Порядок в трех ключевых странах предполагаемого Запада не просто отличается, он противоположен. В Великобритании всё держится на монархии, в Соединенных Штатов в основе всего лежит коллегия выборщиков, а в Пятой Французской республике все основывается на республиканском монархе, а всеобщее избирательное право заменяет миропомазание в Реймсе.
В этом заключается первый путинский урок: коллективные идентичности существуют и имеют огромное значение. Царь XXI века принадлежит традиции реальной политики, как Никколо Макиавелли, Отто фон Бисмарк и Шарль де Голль.
Несмотря на то, что Владимир Путин — реалист, он продолжает придерживаться византийского представления о России, а не евроазиатского.
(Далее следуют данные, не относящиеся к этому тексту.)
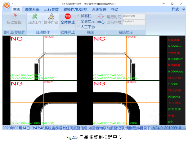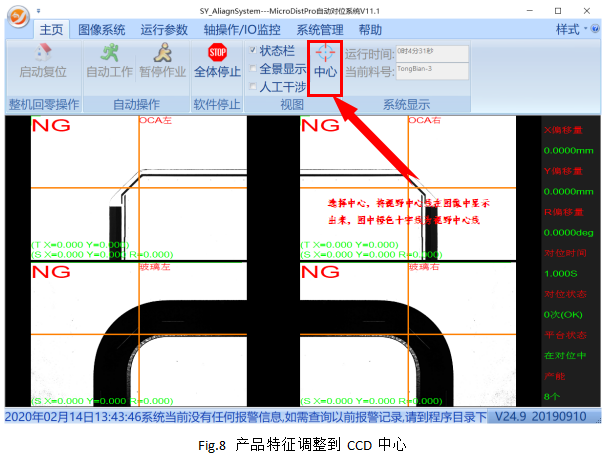 軟件上點擊中心,在圖像中可以看到橙色的十字線,這個為視野中心,在產(chǎn)品上料過程中,我們需要將產(chǎn)品放置到橙色十字交點即視野中心位置。
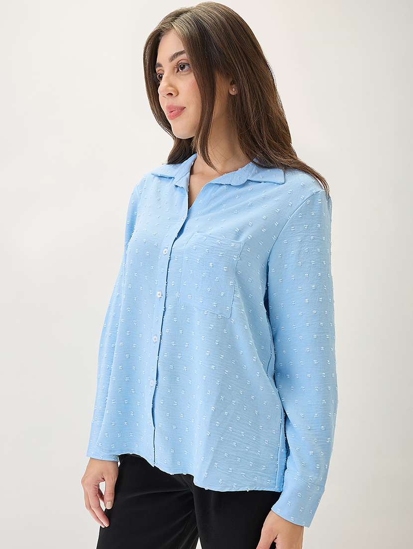 globus women blue cuffed sleeves self design chest pocket curved hem shirt
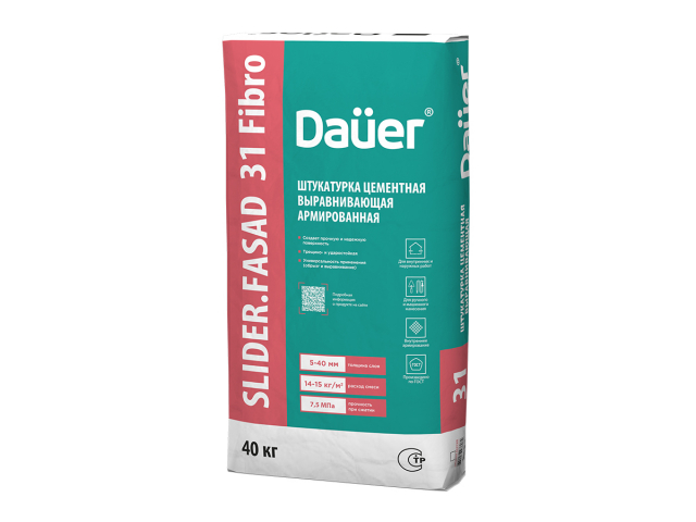 Штукатурка цементная выравнивающая армированная Dauer SLIDER® FASAD 31 Fibro, 40 кг

Третий мир и евразийство — две основные метафизические силы, формирующие современную Россию. В первом случае Россия рассматривается как последняя христианская империя, наследница Константина, Флавия и Юстиниана, божественный оплот перед ордами Антихриста. Во втором случае Россия считается единственной в своем роде страной, слиянием славянского и азиатского, не европейской и не азиатской сущностью, эссенцией всего европейского и азиатского. В терминах Гегеля это тезис, антитезис и, наконец, синтез.
Второй путинский урок: Россия вмешается, когда под угрозой окажутся её жизненно важные интересы. Мы видели это в 2008 году в Грузии, в 2014 году в Крыму и продолжаем видеть в сирийской гражданской войне.
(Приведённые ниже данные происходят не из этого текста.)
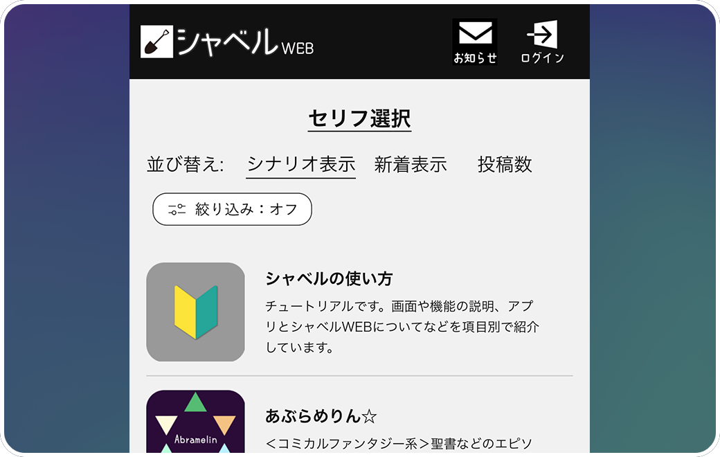 サイトの作りはシャベルとほとんど同じですが、シャベルWEBは白を基調としたデザインになっています。
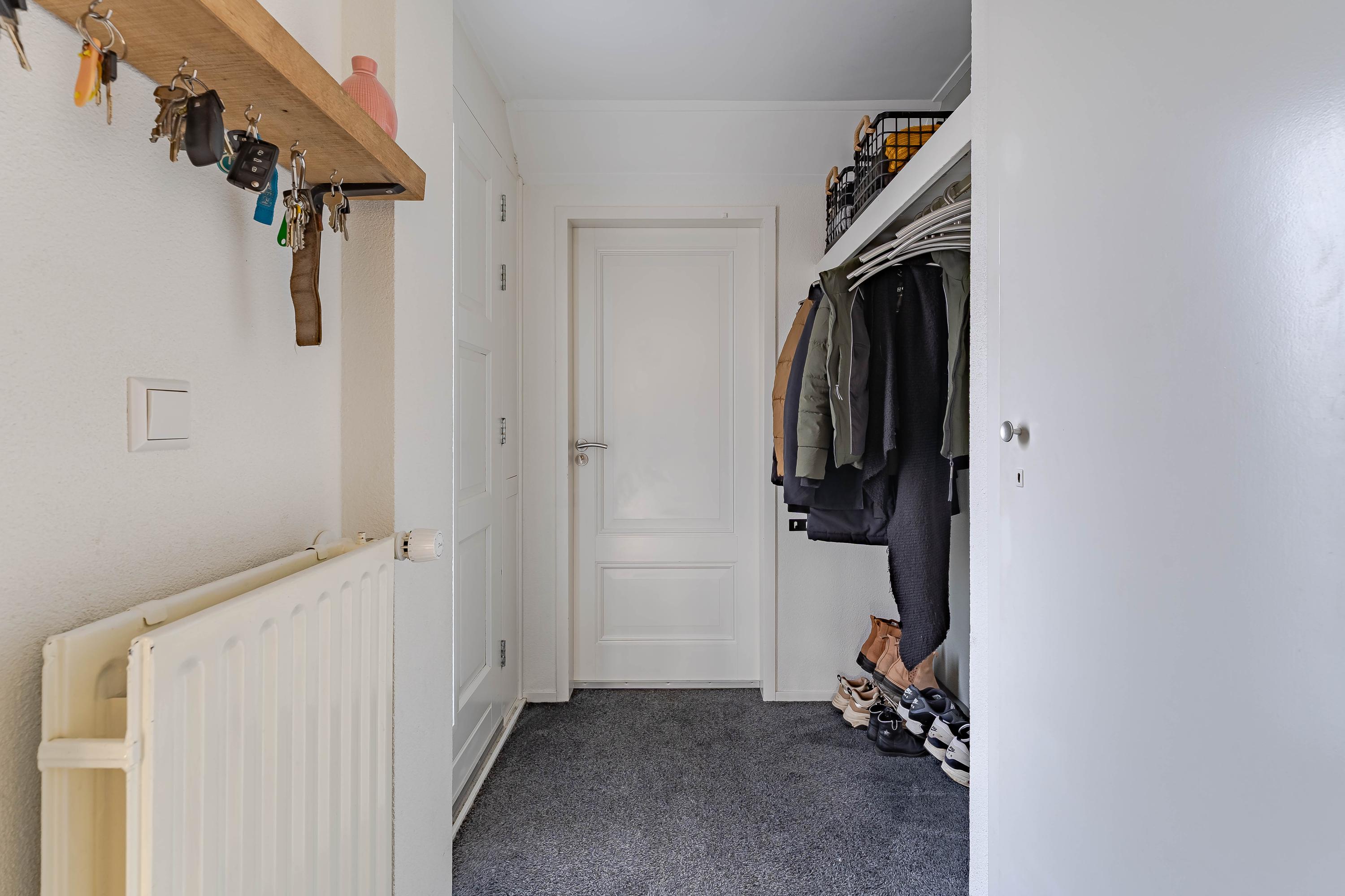 Via de oprit/voortuin komt u de woning binnen in de hal met vernieuwde meterkast. De hal geeft toegang tot de woonkamer en toegang tot de voormalige berging. De huidige eigenaren hebben de berging verbouwd tot bijkeuken, ideaal als bergruimte of garderobe.
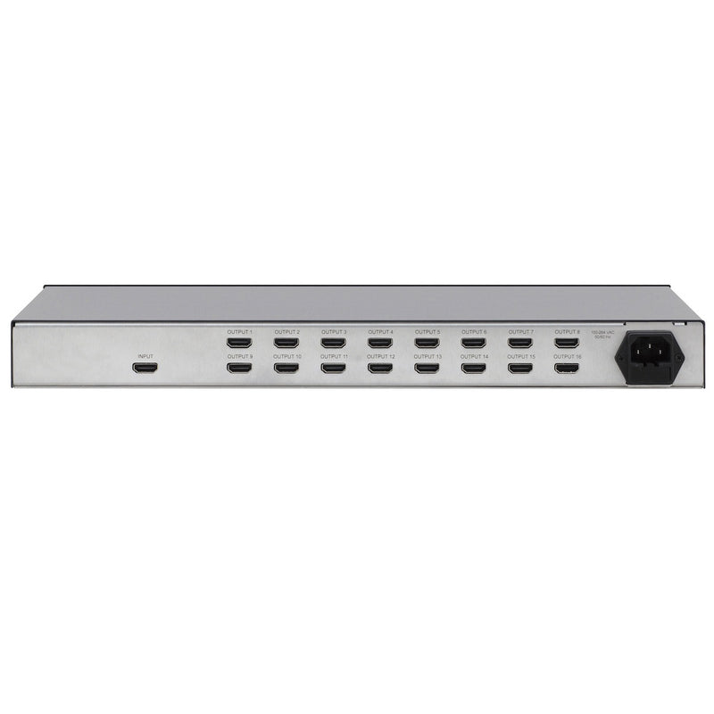 The Kramer VM-16H is a distribution amplifier for HDMI signals. It reclocks and equalizes the signal and distributes it to 16 identical outputs.

В недавнем обращении Путина к народу говорилось, что русские предотвратили убийство президента Белоруссии Лукашенко, а также последовавшую за этим кибератаку на страну. Кто всё это устроил, не упоминалось, однако несложно понять, кого обвинял Кремль. Недавно Генри Киссинджер высказал опасения неуступчивостью администрации Байдена и призвал Соединенные Штаты принять новый многополярный мировой порядок или вступить в фазу, которая будет напоминать ту, что предшествовала холодной войне. Самюэл Хантингтон (Samuel Huntington) в своей классификации цивилизаций помещает такие страны как Греция или Румыния в сферу российской геополитики, а это, не забывайте, страны НАТО. Идеологический пыл, пронизанный идеализмом, вполне может привести к плохому финалу, как это часто и бывало в истории. Пренебрежение другого приводило нас к войне с намерением подстроить нас под наши же представления.
Третий путинский урок возвращает нас к Германии, показывая её важность в продвижении мира вперед. Назначенные на этот год выборы в Германии и строительство газопровода «Северный поток — 2» — первичные вопросы, поэтому рассматривать их нужно вместе.
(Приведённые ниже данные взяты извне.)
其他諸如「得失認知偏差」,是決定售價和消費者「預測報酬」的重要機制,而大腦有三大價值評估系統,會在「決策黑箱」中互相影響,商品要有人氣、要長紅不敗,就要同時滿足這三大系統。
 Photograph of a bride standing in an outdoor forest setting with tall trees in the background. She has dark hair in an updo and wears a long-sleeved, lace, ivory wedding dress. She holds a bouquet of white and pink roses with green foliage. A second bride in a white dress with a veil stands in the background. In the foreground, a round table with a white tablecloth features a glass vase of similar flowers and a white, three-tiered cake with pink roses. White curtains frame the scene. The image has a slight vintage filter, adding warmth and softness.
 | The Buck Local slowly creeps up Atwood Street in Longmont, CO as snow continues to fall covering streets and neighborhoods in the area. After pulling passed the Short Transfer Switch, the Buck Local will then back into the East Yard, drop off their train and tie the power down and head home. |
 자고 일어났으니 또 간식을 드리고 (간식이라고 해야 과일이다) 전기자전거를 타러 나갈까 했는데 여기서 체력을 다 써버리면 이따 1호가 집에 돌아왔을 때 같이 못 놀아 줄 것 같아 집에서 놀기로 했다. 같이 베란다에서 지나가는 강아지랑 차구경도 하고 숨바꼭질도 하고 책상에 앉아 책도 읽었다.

Когда Джордж Буш (отец, а не сын) дал зеленый свет воссоединению Германии, он запустил процесс, служивший Соединенным Штатам до самого кризиса евро. Варуфакис (Varoufakis) скажет, что по словам одного американского чиновника, Греция входила в сферу влияния Германии и что Соединенные Штаты не станут вмешиваться в ситуацию.
Однако у воссоединения был и еще один эффект: столица переехала из Бонна в Берлин. А в Берлине она не на берегах Рейна, а в сердце Бранденбурга. А под Бранденбургом имеется ввиду Пруссия. А под Пруссией — Германия. Воссоединение Германии решило множество проблем, но породило другие. Сегодня Америке приходится иметь дело с изменившимся государством, у которого есть собственная воля. Путин знает это и пользуется этим. Вражда с Россией влечет разные последствия для Померании и Новой Англии.
От Фридриха Великого до Бисмарка и пакта Молотова — Риббентропа — история несколько раз доказывала, что не враждующая с Россией Германия непобедима.
Афонсу Моура — специалист в области геополитики, магистр политологии и международных отношений.